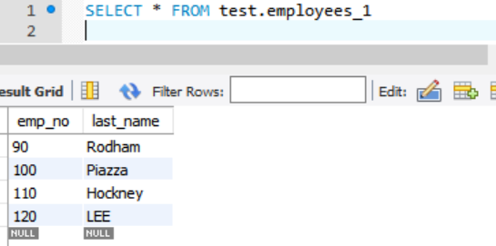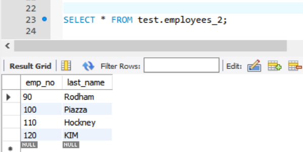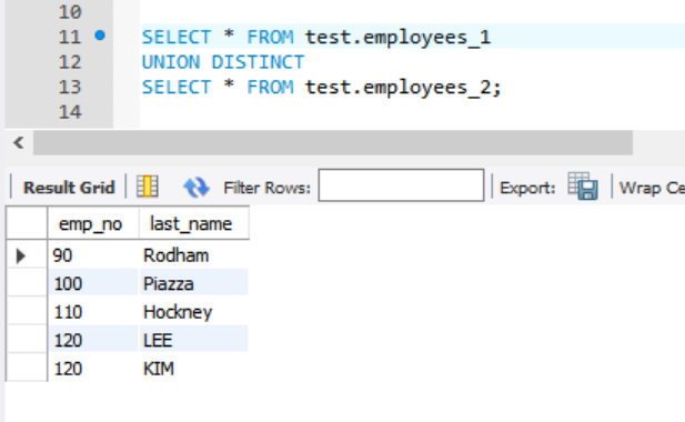 employee_1 테이블과 employee_2 테이블 UNION 결과값
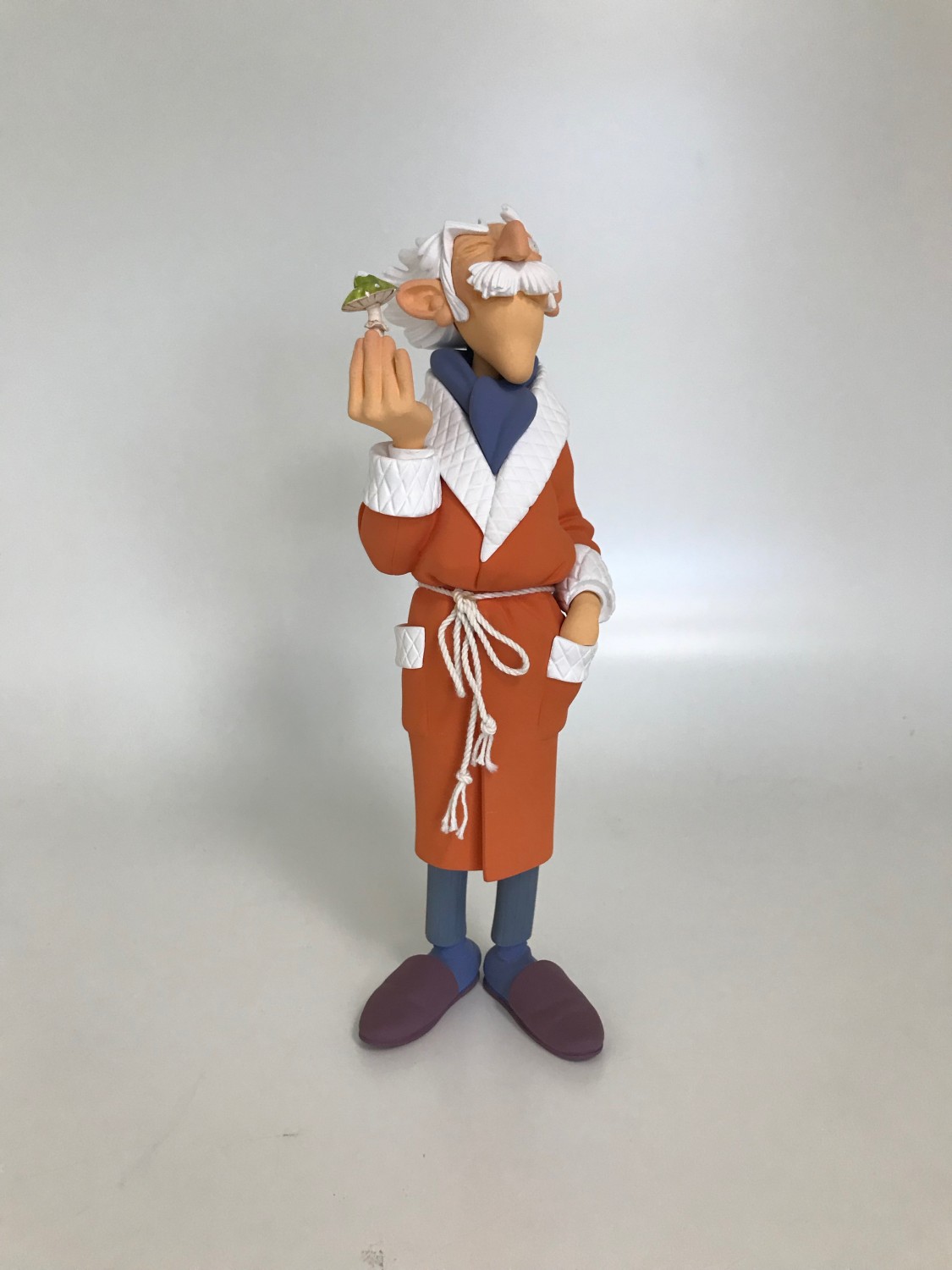 Dans l'album "Z comme Zorglub" l'essentiel de l'intrigue tourne autour du comte de Champignac et c'est certainement là que ce personnage prend toute sa dimension: il est tour à tour le héros et celui que tous prennent en grippe. On le retrouve plein de fureur dans certaines scènes puis complètement abattu un peu plus loin... Mais c'est au moment ou il pète un cable, excédé par le spectacle désolant de son laboratoire mis à sac par les Champignaciens et abasourdi par la bêtise du maire qui souhaite "interdire les champignons sur le territoire de la commune", que le comte s'impose comme un personnage tout bonnement cornélien! Je n'ai pas voulu reproduire fidélement une case particulière, mais j'ai préféré restituer dans l'attitude de cette statuette l'expression malicieuse ( et peut être un peu vicelarde, j'en conviens...) qu'un vieux savant fou se doit d'avoir lorsque on lui chauffe un peu trop les oreilles. Attention, il n'a peut être pas la bombe atomique, mais il a au moins le champignon... ça va fumer!
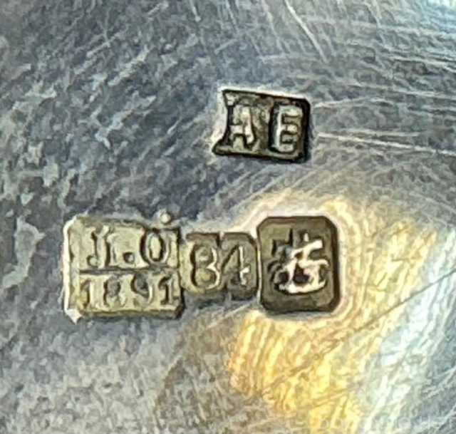 Клейма: фабрики –" А Е", тройник московской городской пробирной части – герб города Москва, Георгий Победоносец на коне, поражающий копьем дракона, с инициалами управляющего округом Л. Олекса, с датой 1891 и пробой для изделий из серебра – 84. Серебряный чайно-кофейный сервиз выполнен в мастерской Александра Сергеева Егорова в 1891 году.
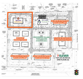 Spanish Schoolhouse (the "Property") is strategically located adjacent to the Action Behavior Center within a master-planned mixed-use development at the northwest quadrant of Main Street and Fishtrap Road in Providence Village, Texas. The Property benefits from strong visibility, convenient access to US Highway 380, and proximity to future medical and retail developments, contributing to long-term tenant synergy and land value appreciation.
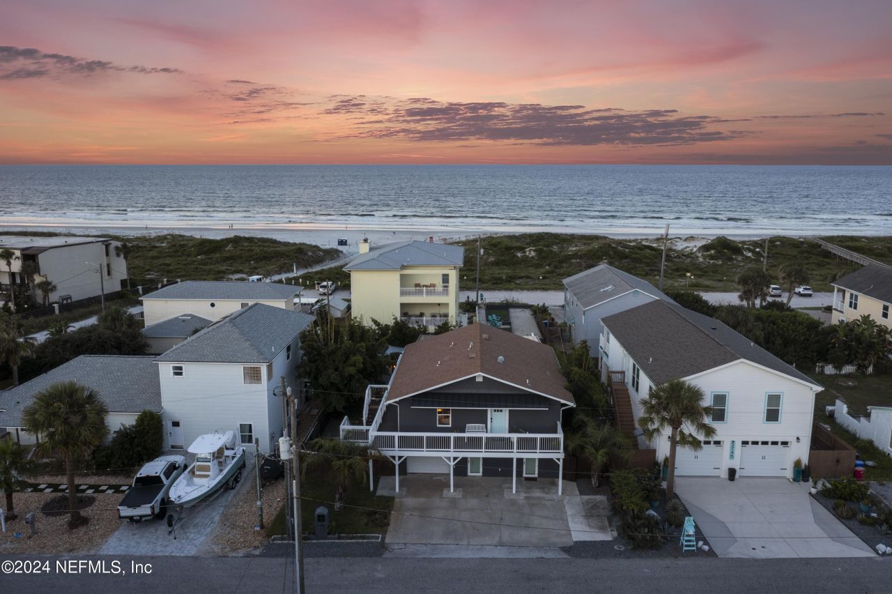 Some properties check a box or two. This one checks every single one. Set on a rare street to street lot running from Rudolph to Gloria on Anastasia Island, this solid concrete block home sits at a high elevation with exceptional dune protection and unobstructed Atlantic views that stop you in your tracks. Two fully independent units, each with two bedrooms and two bathrooms and their own private entrance, make this property equally compelling as a primary residence, a multigenerational compound, a vacation retreat, or a proven income producing investment. The upper level is the crown jewel. An open concept great room flows seamlessly from the gourmet kitchen through the dining and living areas and out to a rear deck where the Atlantic becomes your backdrop. The kitchen is anchored by a large granite island, custom tile work, and premium appliances. Outside, a hot tub, grilling station, and panoramic ocean vistas make the deck an extension of the living space rather than an afterthought. The ocean facing primary bedroom paired with its spa caliber en suite, soaking tub, and double glass enclosed shower is in a category of its own. The current owners use this level as their personal retreat and have rented only one bedroom while keeping the primary bedroom locked off entirely. The upside for a new owner willing to put both bedrooms into rotation is significant. The ground floor unit stands beautifully on its own. Polished concrete floors, an open kitchen and living layout, two well appointed bedrooms, and stylish bathrooms create a space that feels both modern and inviting. It has been a consistent and reliable performer as a short term rental. Beyond the two units, the property includes a regulation bocce ball court, a spacious garage with ample room for vehicles and all your beach gear, and a detached storage unit with its own mini split system that works perfectly as a private home office or climate controlled storage.Two outdoor showers, two private entrances, one extraordinary location. This is Anastasia Island living at its finest. Schedule your private showing today.
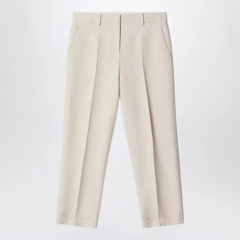 Fendi Cream Beige Wool And Silk Trousers Women
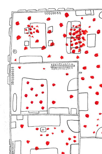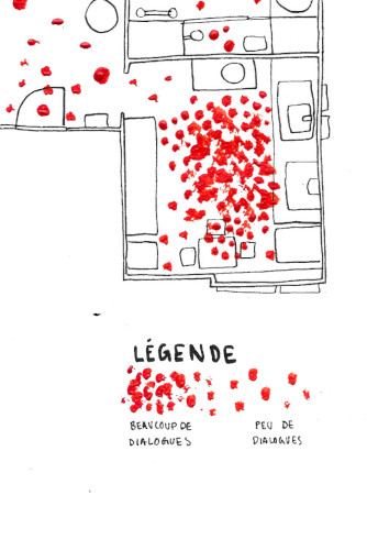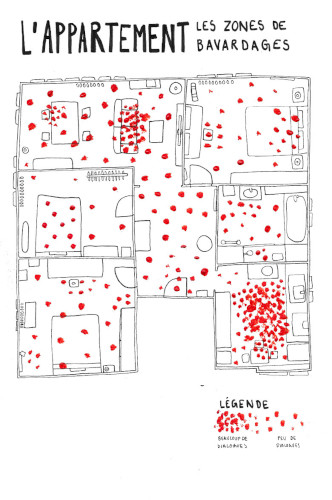 La carte de mon appartement représente les zones où je discute avec mes colocataires. Je l’ai créée à partir de feutres noirs et de peintures.
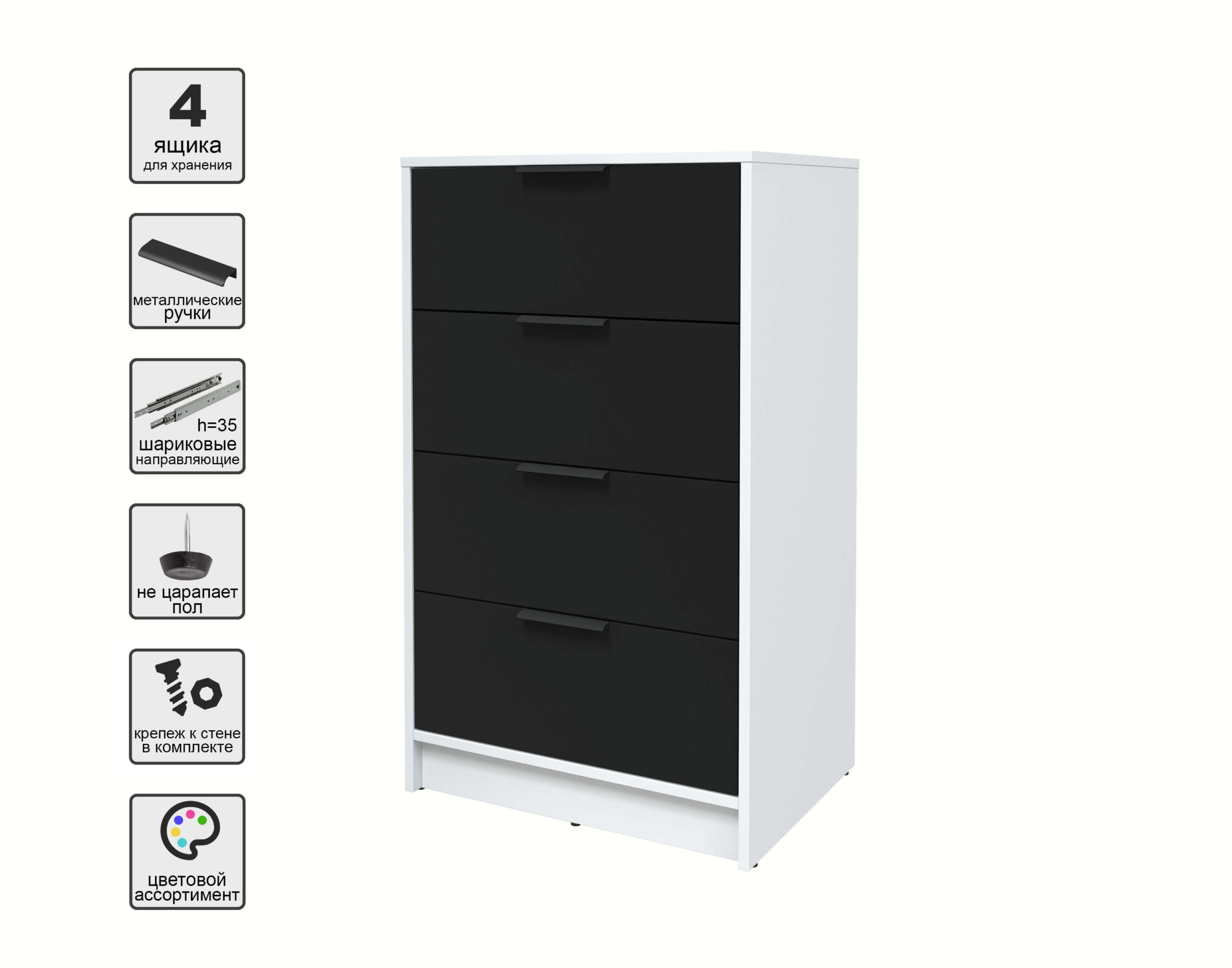 KОМОД КТ-К60 (БЕЛЫЙ ЛДСП/ ЧЕРНЫЙ ЛДСП) Ш600 В1020 Г451

__Your goal__. The whole listing above is to be printed exactly; the pictures stay out.

__Solved problem__.
 employee_1 테이블과 employee_2 테이블 UNION 결과값
 Dans l'album "Z comme Zorglub" l'essentiel de l'intrigue tourne autour du comte de Champignac et c'est certainement là que ce personnage prend toute sa dimension: il est tour à tour le héros et celui que tous prennent en grippe. On le retrouve plein de fureur dans certaines scènes puis complètement abattu un peu plus loin... Mais c'est au moment ou il pète un cable, excédé par le spectacle désolant de son laboratoire mis à sac par les Champignaciens et abasourdi par la bêtise du maire qui souhaite "interdire les champignons sur le territoire de la commune", que le comte s'impose comme un personnage tout bonnement cornélien! Je n'ai pas voulu reproduire fidélement une case particulière, mais j'ai préféré restituer dans l'attitude de cette statuette l'expression malicieuse ( et peut être un peu vicelarde, j'en conviens...) qu'un vieux savant fou se doit d'avoir lorsque on lui chauffe un peu trop les oreilles. Attention, il n'a peut être pas la bombe atomique, mais il a au moins le champignon... ça va fumer!
 Клейма: фабрики –" А Е", тройник московской городской пробирной части – герб города Москва, Георгий Победоносец на коне, поражающий копьем дракона, с инициалами управляющего округом Л. Олекса, с датой 1891 и пробой для изделий из серебра – 84. Серебряный чайно-кофейный сервиз выполнен в мастерской Александра Сергеева Егорова в 1891 году.
 Spanish Schoolhouse (the "Property") is strategically located adjacent to the Action Behavior Center within a master-planned mixed-use development at the northwest quadrant of Main Street and Fishtrap Road in Providence Village, Texas. The Property benefits from strong visibility, convenient access to US Highway 380, and proximity to future medical and retail developments, contributing to long-term tenant synergy and land value appreciation.
 Some properties check a box or two. This one checks every single one. Set on a rare street to street lot running from Rudolph to Gloria on Anastasia Island, this solid concrete block home sits at a high elevation with exceptional dune protection and unobstructed Atlantic views that stop you in your tracks. Two fully independent units, each with two bedrooms and two bathrooms and their own private entrance, make this property equally compelling as a primary residence, a multigenerational compound, a vacation retreat, or a proven income producing investment. The upper level is the crown jewel. An open concept great room flows seamlessly from the gourmet kitchen through the dining and living areas and out to a rear deck where the Atlantic becomes your backdrop. The kitchen is anchored by a large granite island, custom tile work, and premium appliances. Outside, a hot tub, grilling station, and panoramic ocean vistas make the deck an extension of the living space rather than an afterthought. The ocean facing primary bedroom paired with its spa caliber en suite, soaking tub, and double glass enclosed shower is in a category of its own. The current owners use this level as their personal retreat and have rented only one bedroom while keeping the primary bedroom locked off entirely. The upside for a new owner willing to put both bedrooms into rotation is significant. The ground floor unit stands beautifully on its own. Polished concrete floors, an open kitchen and living layout, two well appointed bedrooms, and stylish bathrooms create a space that feels both modern and inviting. It has been a consistent and reliable performer as a short term rental. Beyond the two units, the property includes a regulation bocce ball court, a spacious garage with ample room for vehicles and all your beach gear, and a detached storage unit with its own mini split system that works perfectly as a private home office or climate controlled storage.Two outdoor showers, two private entrances, one extraordinary location. This is Anastasia Island living at its finest. Schedule your private showing today.
 Fendi Cream Beige Wool And Silk Trousers Women
 La carte de mon appartement représente les zones où je discute avec mes colocataires. Je l’ai créée à partir de feutres noirs et de peintures.
 KОМОД КТ-К60 (БЕЛЫЙ ЛДСП/ ЧЕРНЫЙ ЛДСП) Ш600 В1020 Г451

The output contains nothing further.